Schonmal danke im Vorraus !


----------



## Freaky (1. April 2002)

der unterschied ist *0.5* :smoke:  
[qute]
@freaky: bei solchen beiträgen krieg ich pickel am *****! wenn du keine ahnung hast, dann halt einfach die schnauze!
[/qute]


denke schon das ich von der materie ahnung hab.
wollte nur den unterschied deutlich machen ;-) !!!!
außerdem merkt man das eh nicht ob jetzt cl2 oder cl2.5 drin hat.
aber würd bei ram nur cl2 infineon´s nehmen. 
aber ist ja nur meine meinung

gute nacht meine freunde



gruß
freaky


----------



## sam (1. April 2002)

CL=CAS-Latency=Zugriffszeit des RAMS

d.h. 2 is einfach schneller als 2.5 (hab 2.5 zwar noch nie gesehen, aber ok  )
der unterschied kann schonmal gut 5% speed ausmachen (vom ganzen system)...jedenfalls bei SD-RAM....kA wie groß der Geschwindigkeitszuwachs bei DDRRAM ist.

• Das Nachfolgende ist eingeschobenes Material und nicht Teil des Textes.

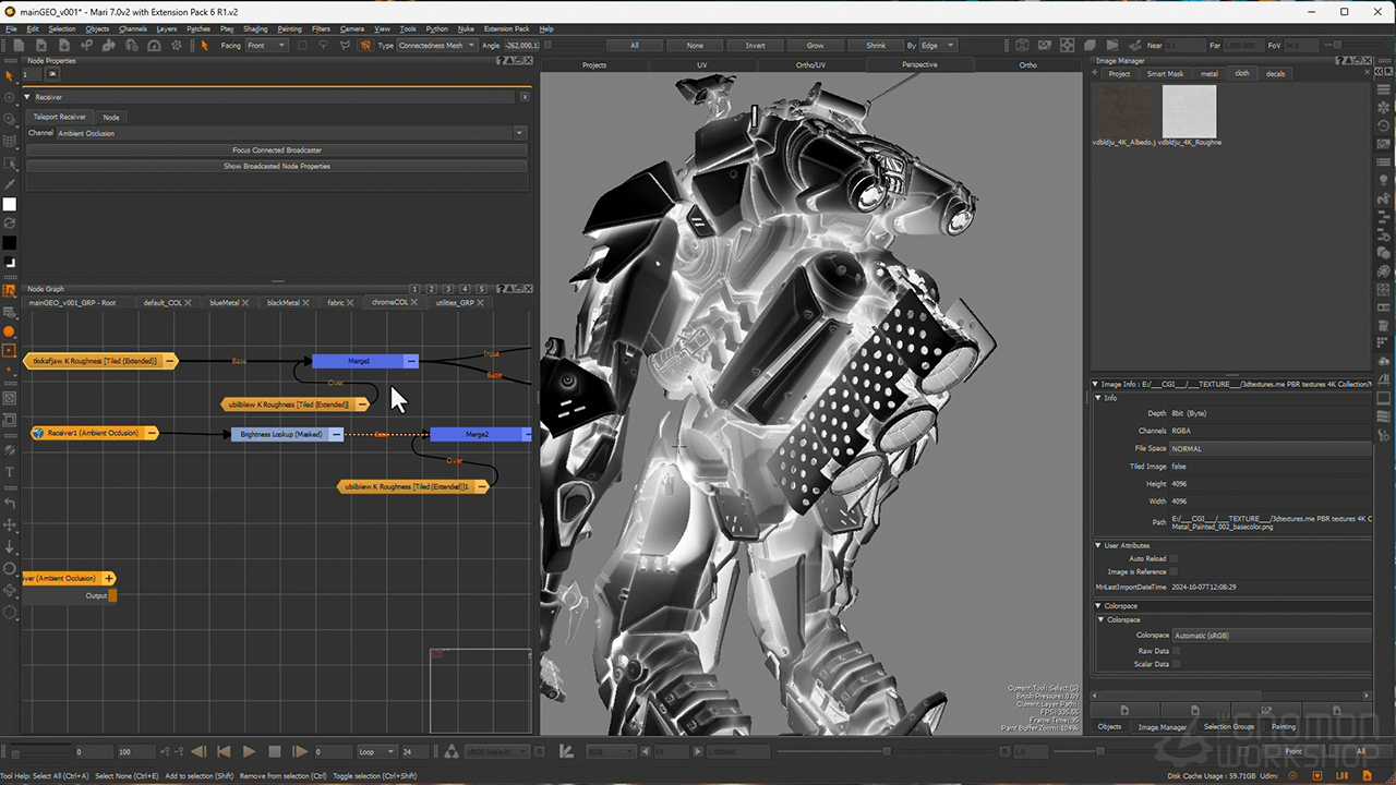 VFX Artist Michal Zsigmund guides artists through the process of using Mari and Gaffer to create stunning, production-ready hero assets for film and TV. Beginning with an exploration of Mari, Michal discusses how to leverage Mari and its Extension Pack to craft high-quality detailed textures, including how to utilize the Smart Mask system that comes with the pack. He then walks through how to export a mesh from Maya using Alembic before diving into Mari’s new Bakery System, introduced in the latest version, which is helpful for baking essential utilities that fuel the Smart Mask system.

Da ich den Geschwindigkeitszuwachs nur bei SD-RAM nicht kenne, kann ich jetzt noch keine Kaufempfehlung abgeben.

@freaky: bei solchen beiträgen krieg ich pickel am *****! wenn du keine ahnung hast, dann halt einfach die schnauze!


----------



## st3660a (11. April 2002)

<klugscheiss>
Die CAS Latenca ist imho nicht die Zugriffszeit, sondern die länge der Pause die der RAM zum refreshen braucht.
</klugscheiss>

In der Praxis merkt man das meist nicht, ausser man will wirklich den allerletzten Rest an Performance bei irgendwelchen Benchmarks rausholen.


----------



## sam (11. April 2002)

> _http://www.infineon.com/news/press/103_050d.htm_
> „CAS-Latency“ ist eine Bezeichnung für die *Zugriffszeit* eines SDRAMs. Gemessen wird diese vom Beginn des „Read“-Kommandos bis zur Übergabe der gewünschten RAM-Date.


----------